== AIM OF THE TASK ==
Down to the final line, write out the material beneath exactly, without pictures.

*** Opening of DATA SEGMENT ***

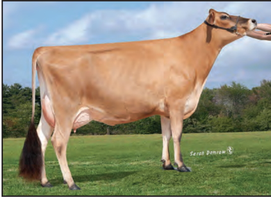
FAMILY HILL REN CARLY-ET, E-90% GRANDAM OF LOT 3
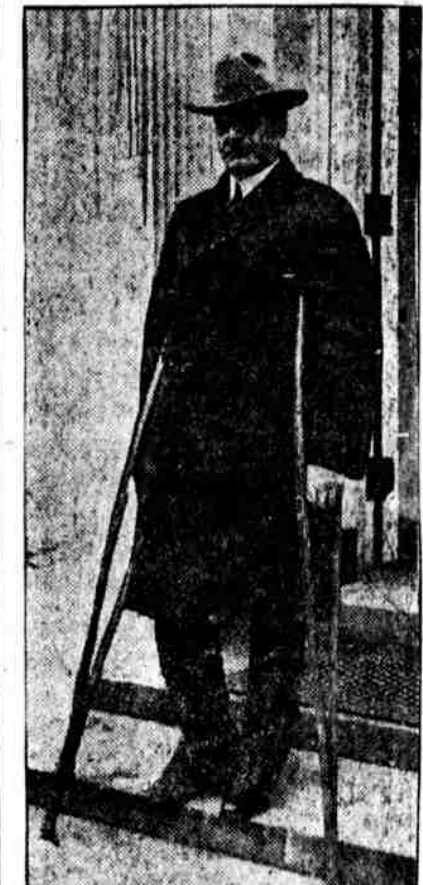
ON CRUTCHES BUT A BUSY MAN. Congressman Frank W. Mondell, the majority leader in the House.
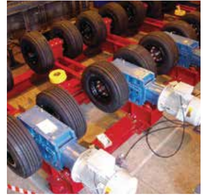
Sepro Pneumatic Tyre Drive System (PTD)

*** Close of DATA SEGMENT ***

== SOLUTION TO THE PROBLEM ==
FAMILY HILL REN CARLY-ET, E-90% GRANDAM OF LOT 3
ON CRUTCHES BUT A BUSY MAN. Congressman Frank W. Mondell, the majority leader in the House.
Sepro Pneumatic Tyre Drive System (PTD)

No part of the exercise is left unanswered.